Tseng was named LPGA Tour Rookie of the Year in 2008.

2009
On 29 March 2009, Tseng became the fastest player in LPGA history to reach the $2 million mark in career earnings. She achieved this mark in 32 events, spanning one year, one month, and 13 days. The previous record holder was Paula Creamer who reached the mark in one year, four months, and 15 days in 2006.

2010

On 4 April 2010, Tseng won the first major championship of the LPGA season, the Kraft Nabisco Championship, by one stroke. She went on to win her second major of the year on 1 August 2010 by winning the Women's British Open by one stroke and became the youngest woman in the modern era to win three major championships. LPGA founder Patty Berg was younger than Tseng when she won the 1939 Titleholders Championship. However, that was before the formation of the LPGA Tour in 1950 and the designation of official LPGA major tournaments.

In September 2010, Tseng was offered a five-year sponsorship deal from a Chinese company worth NT$1 billion (US$25 million) with access to a luxury villa and private jets. Tseng rejected the offer because it required she switch her citizenship from Republic of China to China.

2011
In January 2011, Tseng defended her title at the Taifong Ladies Open on the LPGA of Taiwan Tour. Three weeks later she won the ISPS Handa Women's Australian Open and a week later the ANZ RACV Ladies Masters, both events co-sponsored by the ALPG Tour and the Ladies European Tour. Her wins moved her into the number 1 position in the Women's World Golf Rankings. She won again the next week in the first tournament of the LPGA season, the Honda LPGA Thailand.

In June 2011, she won the LPGA State Farm Classic over Cristie Kerr by three strokes. Two weeks later, she won the LPGA Championship. This made her the youngest player to win four LPGA majors. The next month she defended her title at the Women's British Open, becoming the first defending champion winner at the Women's British Open as a major. Her five major titles also made her the youngest player, male or female, to win five major championships.
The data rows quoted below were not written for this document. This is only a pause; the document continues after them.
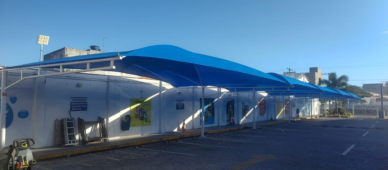 No total, foram 37 vagas cobertas, garantindo mais conforto e qualidade para os clientes do hipermercado durante as compras, além de valorizar a fachada, transmitindo robustez e evidenciando a preocupação da empresa com seus consumidores.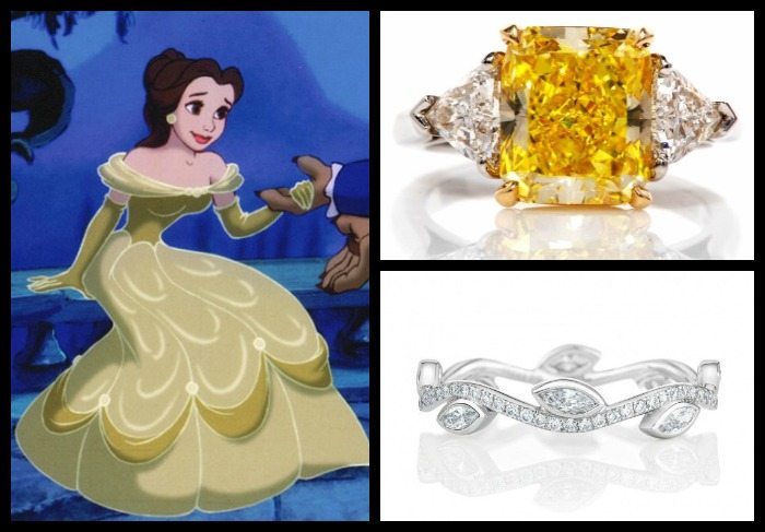 I think the connection here is pretty obvious: the yellow diamond with blue sapphires is a perfect match for Snow White’s favorite (or only) outfit. A Disney Princess engagement ring must be an appropriate color!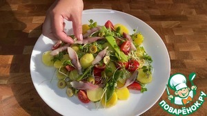 Рецепт «Салат из сельди, овощей и микрозелени»: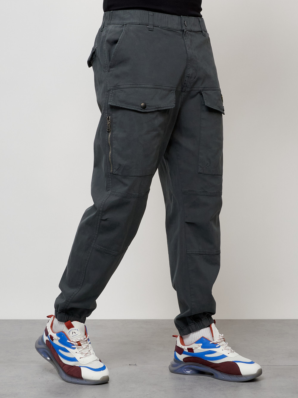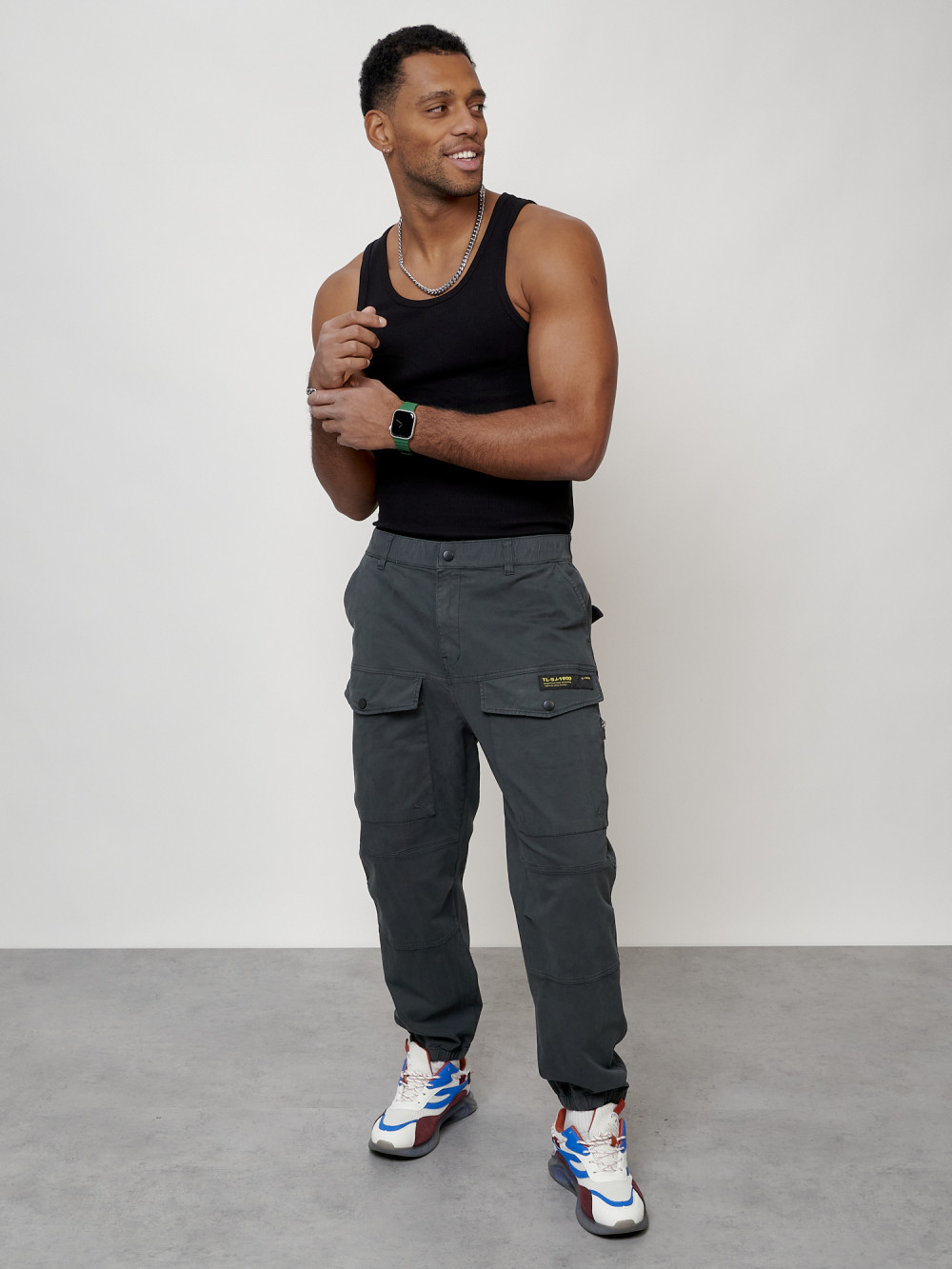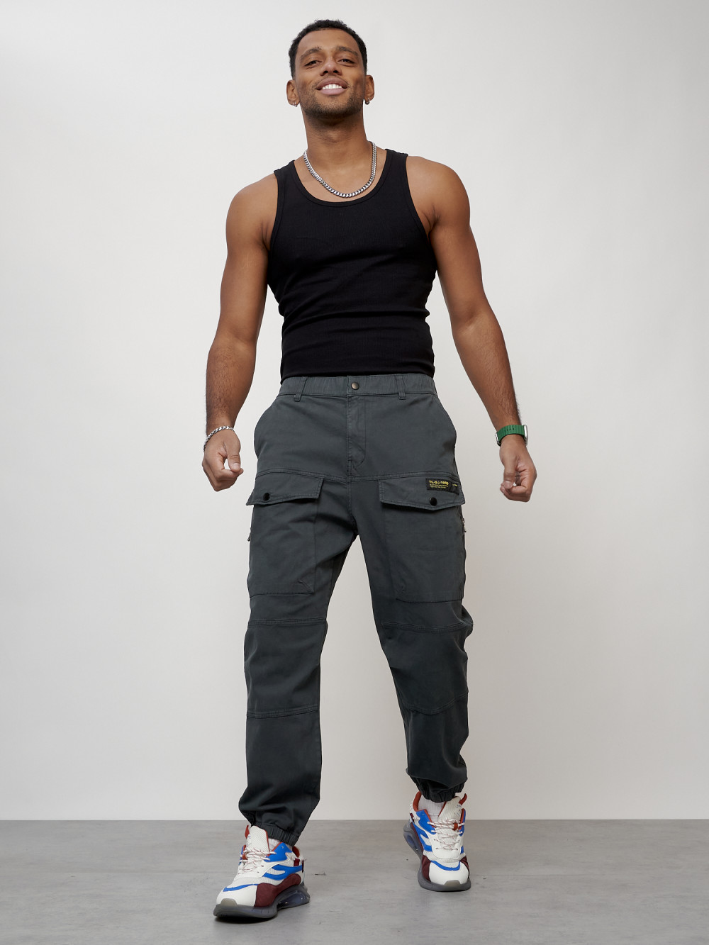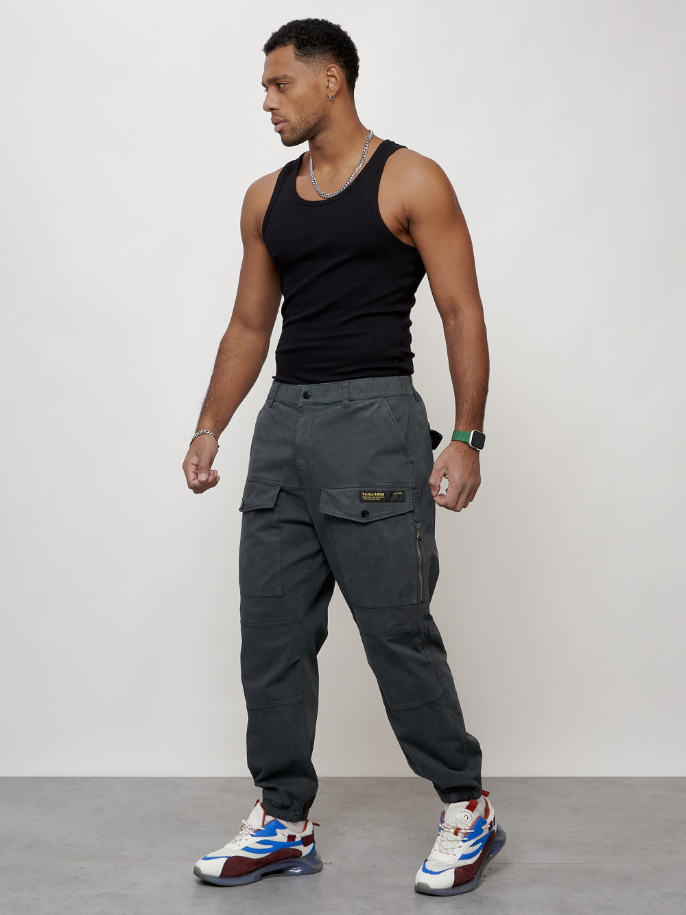 Джинсы карго мужские с накладными карманами темно-серого цвета 2417TC — Np

Tseng won the LPGA Tour Player of the Year for a second straight year. She wrapped up the award while the season still had four events remaining.

2012
Tseng won three of the first five events on the 2012 LPGA Tour: the Honda LPGA Thailand, the RR Donnelley LPGA Founders Cup and the Kia Classic.  The Honda LPGA Thailand victory was her second consecutive win at that event.

Mid-2012 career downturn
Tseng's career took a sudden downturn beginning in the latter part of the 2012 season. At the end of 2013, she had dropped from fourth to 38th place on the official LPGA money list and from first to 34th in the Women's World Golf Rankings.  Her performance dropped further in 2014; she ended that year at 54th on the official money list and ranked 83rd in the world.  Tseng has not won a LPGA tournament since March 2012 (Kia Classic).  After accumulating seven top-10 finishes, including four wins, in majors in 2010 through early 2012, starting with the 2012 Women's PGA Championship, she has missed the cut or did not play in a majority of the majors and finished no higher than T13 in the others.  There have been no reports of major injuries or other explanation for the sudden change.

Hall of Fame
Since March 2012, Tseng has been four points away from qualifying for the World Golf Hall of Fame via the LPGA points system, which requires 27 points for Hall of Fame eligibility. Tseng earned one point for each regular tour victory on the LPGA Tour and two points for every major championship victory. She also earned a point each for her two Rolex LPGA Player of the Year awards and one point for winning the Vare Trophy. If she accumulates the required 27 points before her tenth season on the LPGA Tour, she will have to wait until the tenth year to gain full Hall of Fame eligibility. Tseng has already met the requirement to win one LPGA major, Vare Trophy, or Rolex award.

Personal life
Tseng's father is Mao Hsin Tseng and her mother is Yu-Yun Yang.

Tseng lives in a residential community at Lake Nona Golf & Country Club in Orlando, Florida, in a house that she purchased from former LPGA player Annika Sörenstam in April 2009.

Tseng was named on Time magazine's list of the "100 Most Influential People in the World in 2012."

Professional wins (27)

LPGA Tour wins (15)

LPGA Tour playoff record (2–1)

Other wins (12)

Major championships

Wins (5)

1 Defeated Hjorth with birdie on fourth extra hole.

Results timeline
Results not in chronological order before 2019.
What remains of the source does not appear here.